◆ **Assignment**: Look below for the line that has "着丈は腰あたりまでのコンパク". Set down the lines from there through the line that has "В тот вечер", exactly as written.

Collected data
•••
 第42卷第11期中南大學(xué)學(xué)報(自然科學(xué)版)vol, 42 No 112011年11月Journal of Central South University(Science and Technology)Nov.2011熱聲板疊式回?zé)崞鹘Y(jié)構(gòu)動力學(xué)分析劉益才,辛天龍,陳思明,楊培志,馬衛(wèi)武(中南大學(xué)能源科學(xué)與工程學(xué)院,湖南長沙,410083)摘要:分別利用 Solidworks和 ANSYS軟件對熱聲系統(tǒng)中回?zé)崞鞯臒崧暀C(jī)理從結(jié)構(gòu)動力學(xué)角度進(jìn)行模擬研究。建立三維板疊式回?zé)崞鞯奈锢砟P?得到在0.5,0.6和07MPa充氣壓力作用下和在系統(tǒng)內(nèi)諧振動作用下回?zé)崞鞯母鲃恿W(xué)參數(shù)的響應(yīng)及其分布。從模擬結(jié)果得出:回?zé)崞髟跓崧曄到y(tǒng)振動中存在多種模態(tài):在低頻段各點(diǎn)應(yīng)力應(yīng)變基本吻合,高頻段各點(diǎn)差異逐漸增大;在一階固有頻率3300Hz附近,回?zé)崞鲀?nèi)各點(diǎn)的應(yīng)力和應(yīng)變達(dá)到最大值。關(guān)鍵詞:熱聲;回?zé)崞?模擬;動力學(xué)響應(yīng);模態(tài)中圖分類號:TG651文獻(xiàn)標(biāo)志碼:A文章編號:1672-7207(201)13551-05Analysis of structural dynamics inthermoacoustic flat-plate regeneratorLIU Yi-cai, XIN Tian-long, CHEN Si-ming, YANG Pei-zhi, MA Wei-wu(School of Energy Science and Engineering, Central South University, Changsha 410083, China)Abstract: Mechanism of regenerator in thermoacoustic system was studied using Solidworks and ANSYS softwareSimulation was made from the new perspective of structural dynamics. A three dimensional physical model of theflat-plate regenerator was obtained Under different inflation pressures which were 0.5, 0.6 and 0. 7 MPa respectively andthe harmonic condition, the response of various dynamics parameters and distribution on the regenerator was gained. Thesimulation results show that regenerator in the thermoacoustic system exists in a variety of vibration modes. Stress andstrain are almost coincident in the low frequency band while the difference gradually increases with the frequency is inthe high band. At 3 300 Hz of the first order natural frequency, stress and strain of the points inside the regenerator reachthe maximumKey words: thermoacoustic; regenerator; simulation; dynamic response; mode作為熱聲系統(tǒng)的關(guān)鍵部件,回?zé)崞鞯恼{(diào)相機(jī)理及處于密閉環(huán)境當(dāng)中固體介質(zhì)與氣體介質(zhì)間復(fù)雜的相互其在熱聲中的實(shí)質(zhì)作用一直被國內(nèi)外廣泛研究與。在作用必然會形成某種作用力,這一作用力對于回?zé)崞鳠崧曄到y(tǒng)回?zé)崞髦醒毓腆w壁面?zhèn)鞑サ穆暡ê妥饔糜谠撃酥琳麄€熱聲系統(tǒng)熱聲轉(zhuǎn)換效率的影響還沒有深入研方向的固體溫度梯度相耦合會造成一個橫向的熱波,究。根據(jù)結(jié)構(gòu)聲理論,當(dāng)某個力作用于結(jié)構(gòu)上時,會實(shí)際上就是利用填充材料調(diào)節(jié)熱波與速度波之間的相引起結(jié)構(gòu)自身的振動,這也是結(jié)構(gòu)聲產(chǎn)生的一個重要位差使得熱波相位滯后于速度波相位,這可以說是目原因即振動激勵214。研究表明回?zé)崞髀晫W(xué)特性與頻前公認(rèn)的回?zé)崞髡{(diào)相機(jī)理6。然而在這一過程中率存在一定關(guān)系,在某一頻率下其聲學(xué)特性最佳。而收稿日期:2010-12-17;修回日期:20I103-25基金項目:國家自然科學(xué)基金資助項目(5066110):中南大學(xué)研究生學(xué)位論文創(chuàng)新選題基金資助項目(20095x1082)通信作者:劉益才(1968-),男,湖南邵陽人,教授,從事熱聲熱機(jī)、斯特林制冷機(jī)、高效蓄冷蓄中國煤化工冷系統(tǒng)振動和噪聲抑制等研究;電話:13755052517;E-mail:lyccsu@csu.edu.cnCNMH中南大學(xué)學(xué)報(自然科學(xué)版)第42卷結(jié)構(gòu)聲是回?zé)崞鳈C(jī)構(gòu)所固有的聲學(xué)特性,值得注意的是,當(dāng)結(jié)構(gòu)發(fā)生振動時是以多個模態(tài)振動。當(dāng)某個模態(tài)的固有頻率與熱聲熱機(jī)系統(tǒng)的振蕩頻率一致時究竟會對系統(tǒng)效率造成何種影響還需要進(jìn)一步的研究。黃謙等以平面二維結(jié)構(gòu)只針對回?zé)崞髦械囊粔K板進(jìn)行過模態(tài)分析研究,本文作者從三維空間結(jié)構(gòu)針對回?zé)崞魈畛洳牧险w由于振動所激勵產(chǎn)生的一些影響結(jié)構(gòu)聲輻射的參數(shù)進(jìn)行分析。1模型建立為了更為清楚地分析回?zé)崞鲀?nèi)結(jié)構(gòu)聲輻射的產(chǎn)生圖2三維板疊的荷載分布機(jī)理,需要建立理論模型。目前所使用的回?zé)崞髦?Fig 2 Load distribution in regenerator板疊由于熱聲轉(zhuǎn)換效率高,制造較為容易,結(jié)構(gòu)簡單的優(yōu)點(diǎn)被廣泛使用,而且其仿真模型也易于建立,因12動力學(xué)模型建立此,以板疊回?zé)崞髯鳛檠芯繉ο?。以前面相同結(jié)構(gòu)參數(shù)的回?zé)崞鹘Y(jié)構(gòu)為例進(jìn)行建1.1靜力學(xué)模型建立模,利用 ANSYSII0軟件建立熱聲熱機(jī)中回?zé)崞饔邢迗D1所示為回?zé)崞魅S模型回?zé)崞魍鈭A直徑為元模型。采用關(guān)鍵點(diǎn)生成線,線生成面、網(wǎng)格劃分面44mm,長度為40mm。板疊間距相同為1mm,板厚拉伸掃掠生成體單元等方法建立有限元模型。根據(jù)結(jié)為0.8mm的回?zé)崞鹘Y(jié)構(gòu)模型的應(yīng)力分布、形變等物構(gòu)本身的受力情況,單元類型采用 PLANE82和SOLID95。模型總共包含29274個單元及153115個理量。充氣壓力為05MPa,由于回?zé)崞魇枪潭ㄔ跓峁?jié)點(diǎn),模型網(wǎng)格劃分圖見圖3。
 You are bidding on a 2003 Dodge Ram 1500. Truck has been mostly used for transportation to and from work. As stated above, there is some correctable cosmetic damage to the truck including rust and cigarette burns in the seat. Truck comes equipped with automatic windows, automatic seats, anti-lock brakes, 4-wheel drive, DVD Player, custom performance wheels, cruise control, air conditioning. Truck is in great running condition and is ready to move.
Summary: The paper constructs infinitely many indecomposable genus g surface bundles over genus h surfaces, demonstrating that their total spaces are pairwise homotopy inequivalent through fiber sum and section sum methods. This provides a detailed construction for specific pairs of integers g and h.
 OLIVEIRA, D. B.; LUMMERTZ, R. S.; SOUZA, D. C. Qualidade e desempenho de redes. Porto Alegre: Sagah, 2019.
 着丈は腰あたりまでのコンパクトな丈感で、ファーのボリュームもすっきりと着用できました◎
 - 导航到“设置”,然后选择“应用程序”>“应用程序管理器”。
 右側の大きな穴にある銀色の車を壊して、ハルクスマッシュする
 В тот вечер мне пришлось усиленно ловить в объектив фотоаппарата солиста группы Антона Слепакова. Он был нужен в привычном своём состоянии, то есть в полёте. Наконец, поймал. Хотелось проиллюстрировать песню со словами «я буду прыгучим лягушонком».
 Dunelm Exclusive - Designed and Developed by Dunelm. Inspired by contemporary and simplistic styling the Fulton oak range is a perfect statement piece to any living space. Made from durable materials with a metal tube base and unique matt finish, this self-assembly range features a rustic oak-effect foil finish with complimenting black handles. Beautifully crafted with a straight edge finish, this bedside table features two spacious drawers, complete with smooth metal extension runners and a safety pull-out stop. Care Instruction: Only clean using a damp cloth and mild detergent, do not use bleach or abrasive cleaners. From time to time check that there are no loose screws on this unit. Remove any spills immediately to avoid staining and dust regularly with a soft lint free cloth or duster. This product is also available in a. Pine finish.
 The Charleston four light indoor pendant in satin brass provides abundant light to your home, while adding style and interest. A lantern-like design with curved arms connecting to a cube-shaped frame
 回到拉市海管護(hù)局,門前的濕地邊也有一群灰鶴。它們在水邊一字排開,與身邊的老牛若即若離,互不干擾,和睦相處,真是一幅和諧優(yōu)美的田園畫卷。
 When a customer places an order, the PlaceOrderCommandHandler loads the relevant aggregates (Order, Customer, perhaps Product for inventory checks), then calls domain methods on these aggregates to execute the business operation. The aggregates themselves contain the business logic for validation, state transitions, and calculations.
•••
◆ **Output below**:
 着丈は腰あたりまでのコンパクトな丈感で、ファーのボリュームもすっきりと着用できました◎
 - 导航到“设置”,然后选择“应用程序”>“应用程序管理器”。
 右側の大きな穴にある銀色の車を壊して、ハルクスマッシュする
 В тот вечер мне пришлось усиленно ловить в объектив фотоаппарата солиста группы Антона Слепакова. Он был нужен в привычном своём состоянии, то есть в полёте. Наконец, поймал. Хотелось проиллюстрировать песню со словами «я буду прыгучим лягушонком».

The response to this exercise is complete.